Mike Damiano’s review published on Letterboxd:
"You finished writing a book before the good part happened," Molly's attorney quips at her while simultaneously making a meta-joke about the movie we're watching.
If "Molly's Game, the book" was the base of the cake, "Molly's Game, the movie" was the next two layers, decadent filling in between, and sweet sweet icing on top.

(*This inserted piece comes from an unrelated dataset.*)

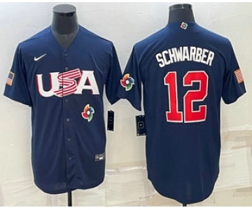 Men's USA Baseball #12 Kyle Schwarber 2023 Navy World Baseball Classic Stitched Jersey

Sometimes, nonlinear stories can be difficult to get invested in because you already know the near-end result of the story (Molly gets arrested for her illegal gambling operation), so there isn't as much suspense when you're watching the setup. Definitely not the case with "Molly's Game"... I was invested so quickly in Molly's character that I really cared about her wellbeing. I wanted to suss out how she fell from the mountaintop high of millionaire and successful "event planner," to the valley low of indictee in a federal organized crime case. I wanted to watch the placement of all the cards in her gambling ring, so I could understand *how* the house collapsed.
The incessant voiceover from Molly definitely irked me at first (one of my notes reads, "If I wanted this much background info, I would've read the book"), but it became more serviceable when I switched my point-of-view from Molly to Charlie. Instead of Molly monologuing directly to the audience for 50% of the movie, the VO makes more sense almost as the deposition that Molly is giving to the prosecutors, or as the explanation that she is giving to her attorney. Would I have wanted there to be less telling us the story and more showing us the story? Yes, if for no other reason than because my former screenwriting professor told me so. But the structure of running the past timeline (Molly's crimes) in parallel with the current timeline (Molly's indictment/deposition) wouldn't have worked without her connecting the two timelines by explaining what's happening in the past.